= Christopher Jaroniec =

Christopher Jaroniec is an American professor of analytical, physical, chemical physics and biochemistry.

==Education==
He obtained his Bachelor of Science degree in chemistry from Kent State University in 1997 and six years got his Ph.D. in physical chemistry from the Massachusetts Institute of Technology. He is graduate research fellow of National Science Foundation and is Damon Runyon Cancer Research Foundation postdoc fellow.

==Career==
In 2006, Jaroniec became an assistant professor at the Ohio State University and by 2014 became a full professor.

Currently he works at Evans Laboratory where he was also named Evans Scholar and is a recipient of such awards as the Eli Lilly Young Investigator Award for his analytical chemistry research and Camille Dreyfus Teacher-Scholar Award.

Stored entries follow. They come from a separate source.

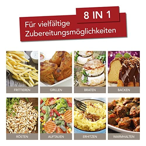 - UMFANGREICHE FUNKTIONEN: Die Heißluftfritteuse mit besonders großem Füllvolumen kombiniert einen Heißluftofen, einen Grill und eine Fritteuse. Ideal geeignet zum Frittieren, Grillen, Braten, Backen, Rösten, Auftauen, Erhitzen und Warmhalten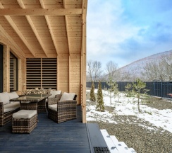Терраса имеет садовую мебель для шикарного отдыха на улице с боковыми проветриваемыми стенками, которые в случае необходимости закрываются автоматическими жалюзи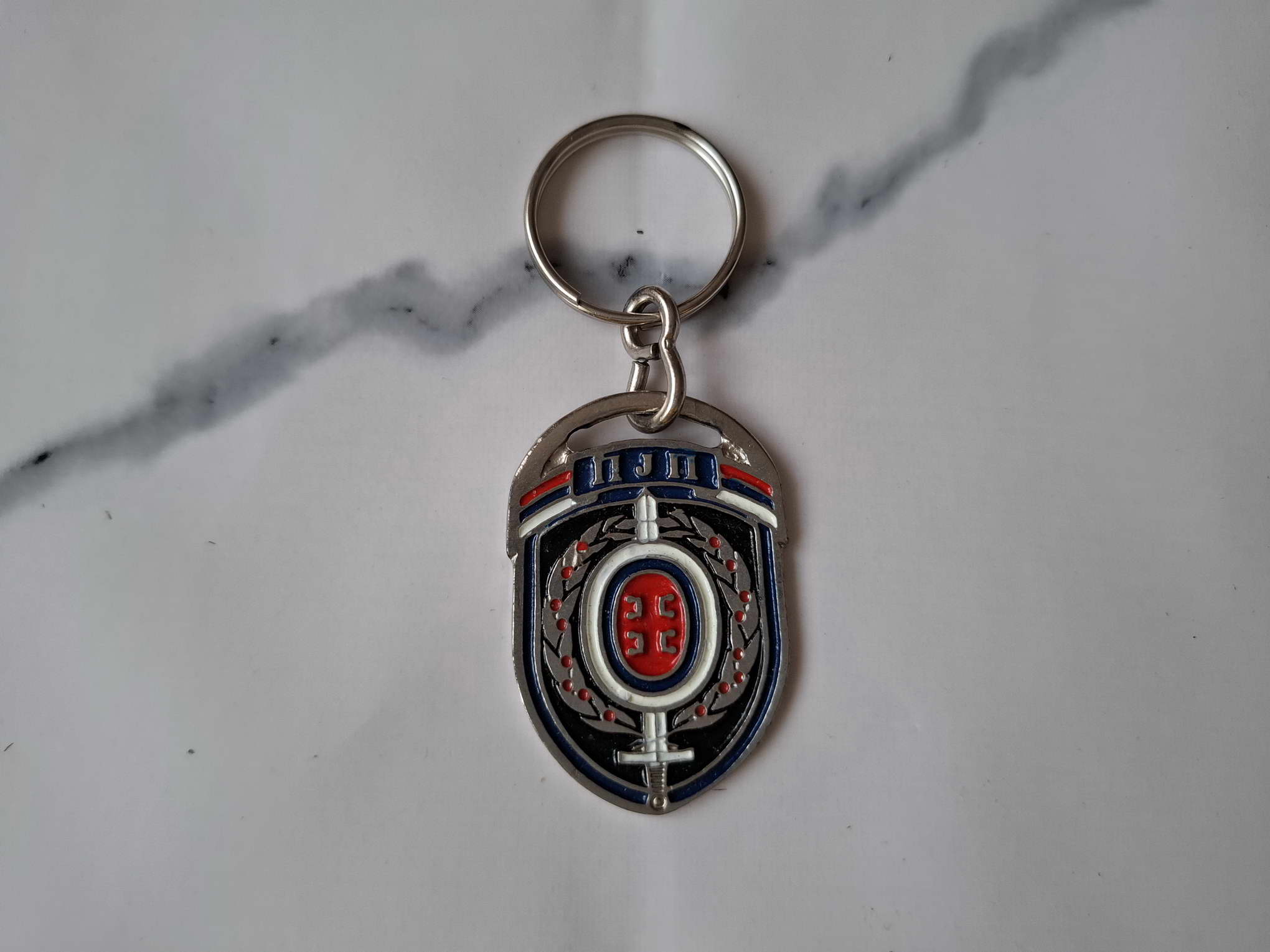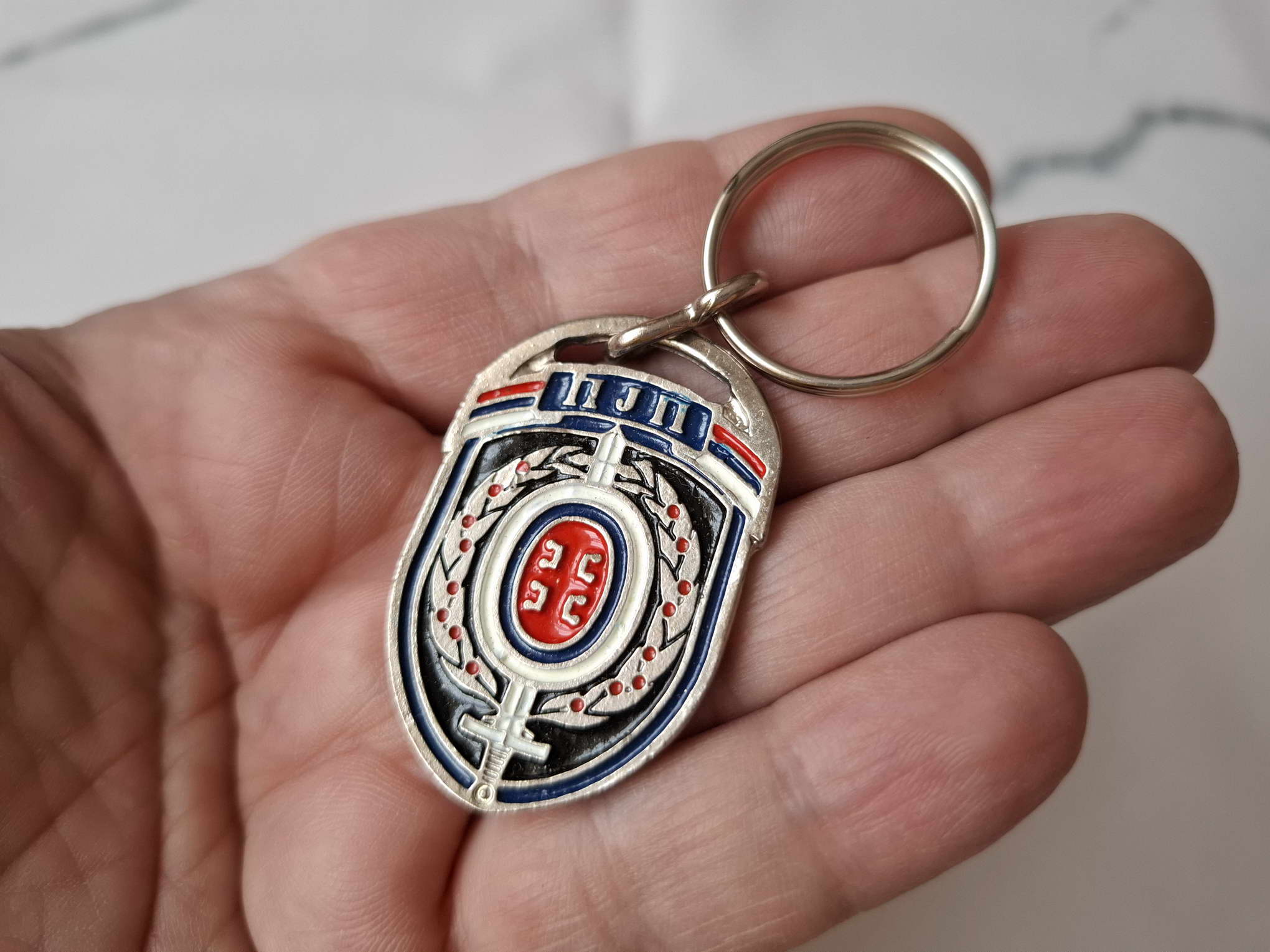 This is a beautiful Serbian police key ring in a basic silver color. It is intended to be used as a key ring and can also be a good gift for your friend or relative.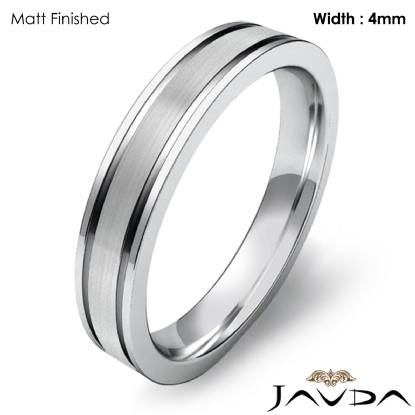 4.5g Men's 14k White Gold Solid Wedding Band. Flat Newport style band. Ring Size is 4. Width is 4mm. Available in high polish and matt finish.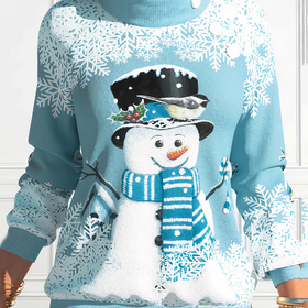 Der Pullover zeigt ein festliches Schneeflocken- und Schneemannmotiv, ideal für Herbst und Winter. Lange Ärmel und reguläre Passform schmeicheln jeder Figur.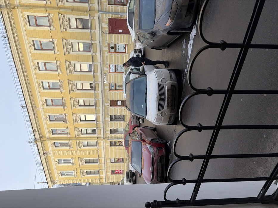 The image depicts an urban street scene in Kronstadt, Russia, under an overcast sky, with a wet asphalt surface and patches of melted snow/slush. In the background, a three-story, light yellow historical building with white decorative architectural elements and numerous windows serves as a backdrop. Its ground floor houses several commercial establishments, including one prominently displaying "ТАБАК" (Tobacco) in orange lettering, another with "Kofte Fish" signage, and a third with an Apple-like logo and text reading "ЯБЛОЧНЫЙ СЕРВИС" (Apple Service) and "СРОЧНЫЙ РЕМОНТ" (Urgent Repair). In the midground, multiple vehicles are parked on the street. A white Skoda Yeti SUV, bearing Russian license plate У074РУ 178, is parked front-center, facing the viewer, with its driver's side door open. To its left, a red Kia Rio sedan (Russian license plate К645РУ 178) is parked. To the right of the Skoda, a dark grey sedan is partially visible. Further back, a dark red sedan and a white SUV are also present. One adult male, dressed in a dark jacket and dark trousers, is standing beside the open driver's door of the white Skoda Yeti. He appears to be either entering or exiting the vehicle, or retrieving an item from its interior. His attention is directed towards the car's interior or the immediate vicinity of the door. The immediate foreground is partially obscured by a black wrought-iron fence featuring arched tops, and a white architectural column is visible on the far left.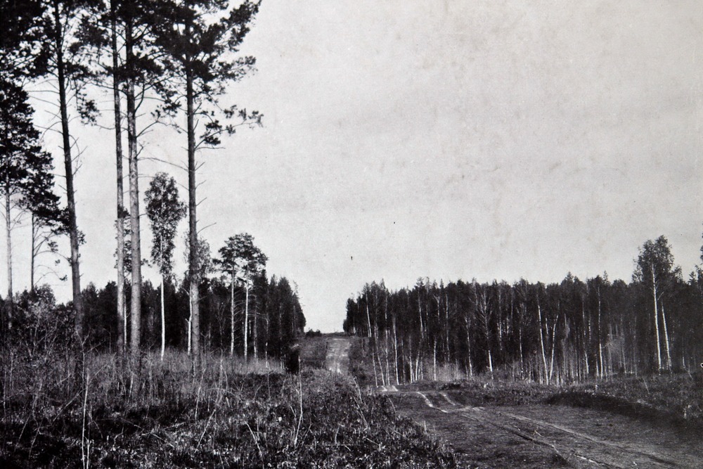 На знаменитой фотографии мы видим просеку, но каждому понятно, что для просеки эта дорога слишком широка и наезженна.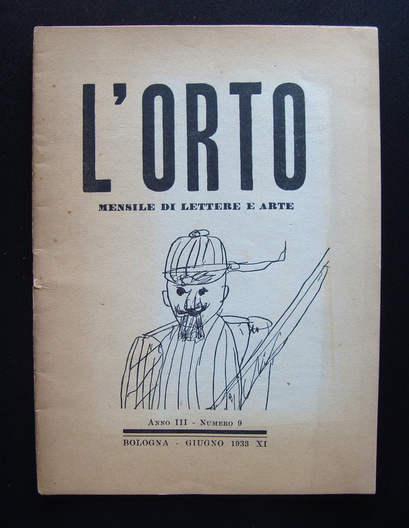 Rivista, L'ORTO" Mensile di lettere e arte anno III - Numero 9 Bologna - Giugno 1933 XI Bologna 1933 XI, cm 24 x 17, pp 16, ill. fotogr. in b/n nel. t, n.1 tavole b/n.con disegno di dupont, alcune inserzioni pubblicitarie d'epoca in b/n in chiusura di testo; brossura ed. ill.b/n. Numero completo. Condizioni di conservazione Esemplare in buone condizioni con minime tracce d'uso; brossure con bruniture ai margini qualche piccola macchietta; interni con bruniture, traccia di piega di conservazione; esemplare compatto. Numero completo. OPEB.3271 blu "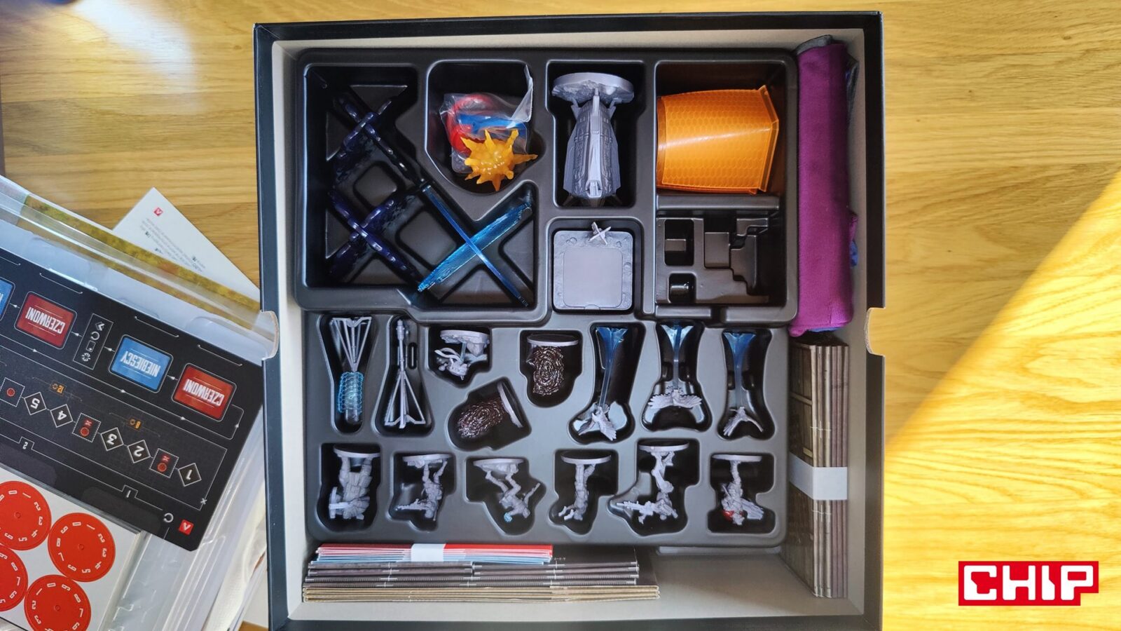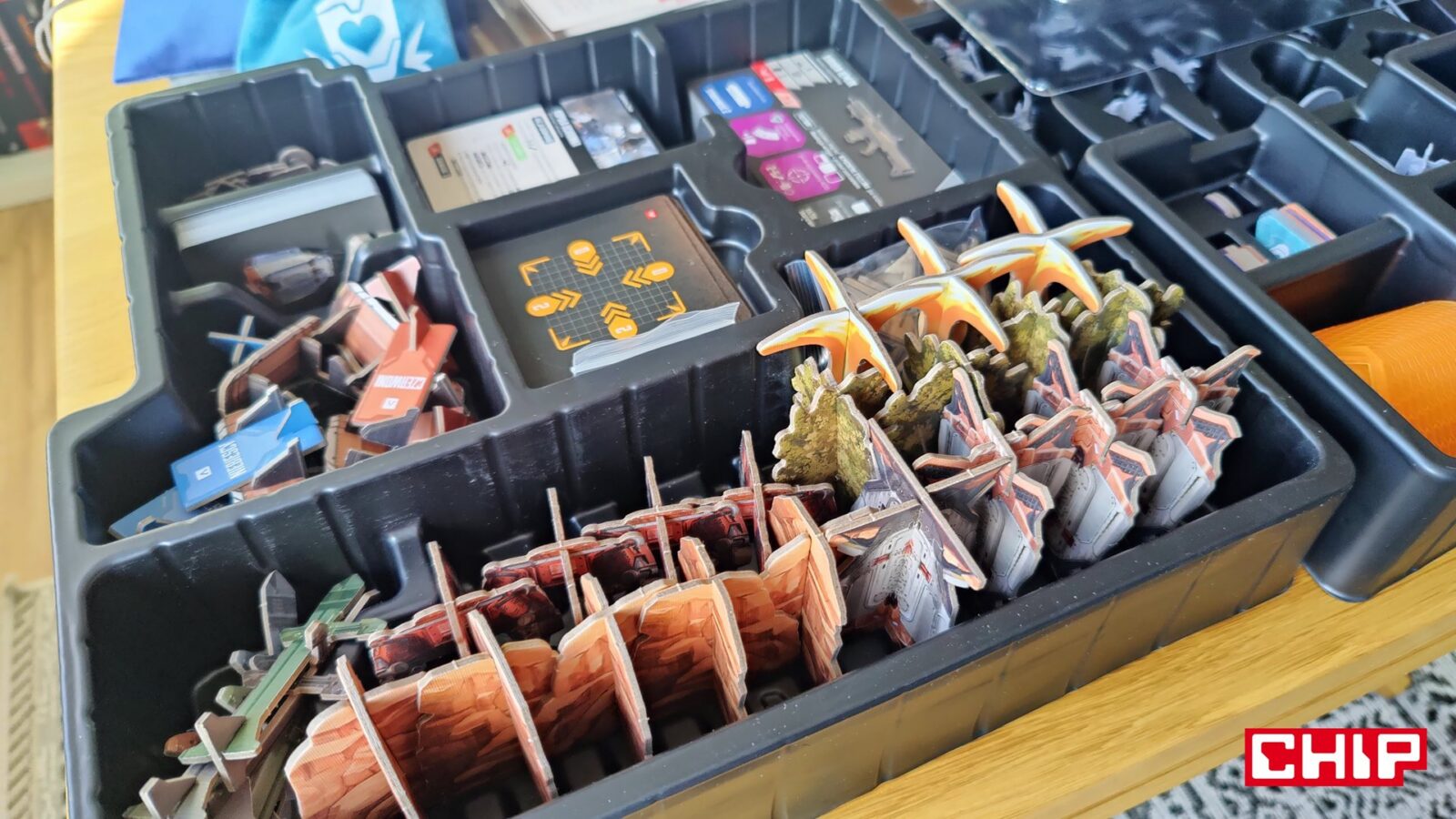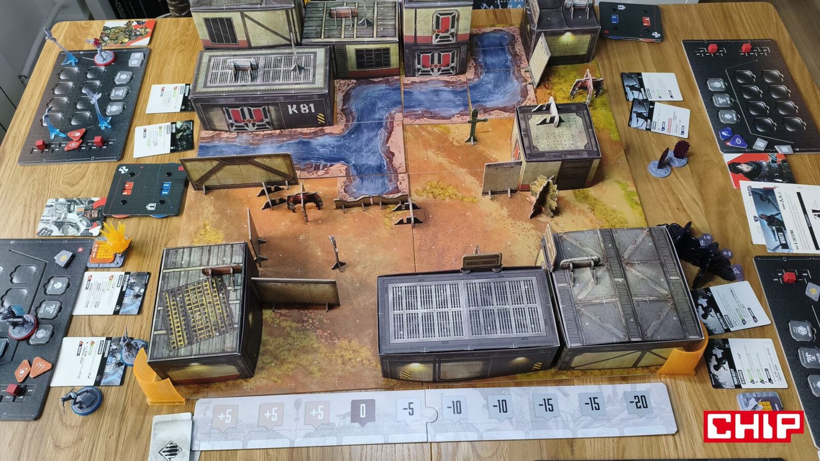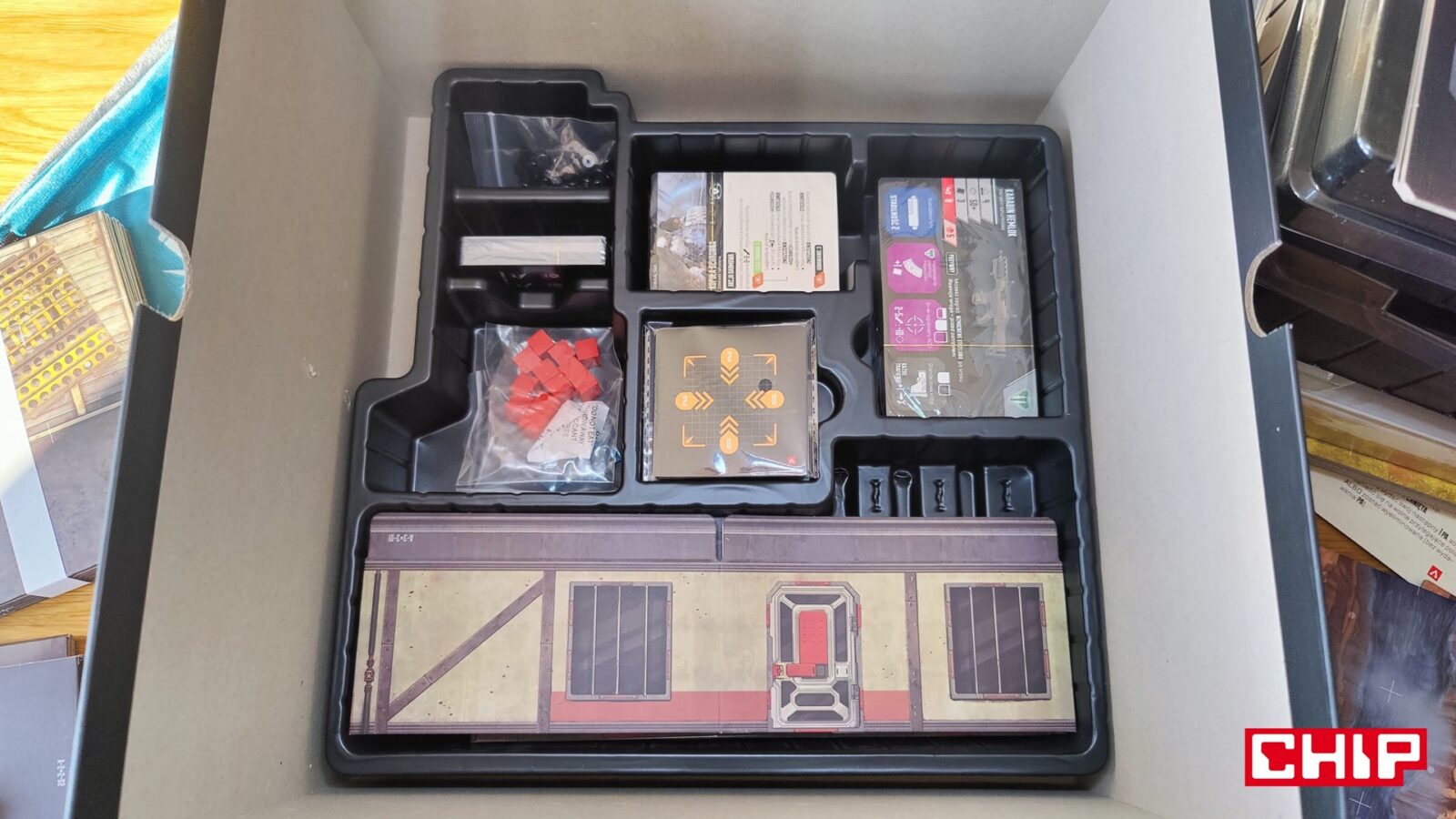 Nie znaczy to jednak, że w trakcie partii wszystko działa idealnie. Apex ma momenty, w których wyraźnie czuć planszówkową “biurokrację”. Rozpatrywanie niektórych akcji, pilnowanie żetonów, operowanie wyposażeniem i czytanie sytuacji na planszy potrafią spowolnić tempo, zwłaszcza gdy przy stole są osoby dopiero uczące się systemu. To trochę paradoks, bo sama gra chce być dynamiczna, agresywna i pełna krótkich zrywów, ale od czasu do czasu wpada w rytm bardziej analityczny niż intuicyjny. Nie wszystkim to będzie przeszkadzać, ale jeśli ktoś liczy na czystą, płynną akcję bez przestojów, to tutaj może się nieco odbić od ściany. Żonglerka zasobami również jest spora, więc obok głównego stołu, warto mieć dodatkową przestrzeń na elementy usunięte z gry, aby nie zawadzały one ciągle przy głównej planszy.

In 2007, he was awarded New Investigator Research Grant Award from the Alzheimer's Association and an undergraduate award in 1996 from the American Chemical Society. In 1994, he was awarded freshman award from CRC Press of Kent State University and the same year became a recipient of the Merck Award from the same place. He also has over 2,200 citations of his numerous peer reviewed articles which were published in such journals as Biochemistry, Proceedings of the National Academy of Sciences of the United States of America and many others with an h-index of 37.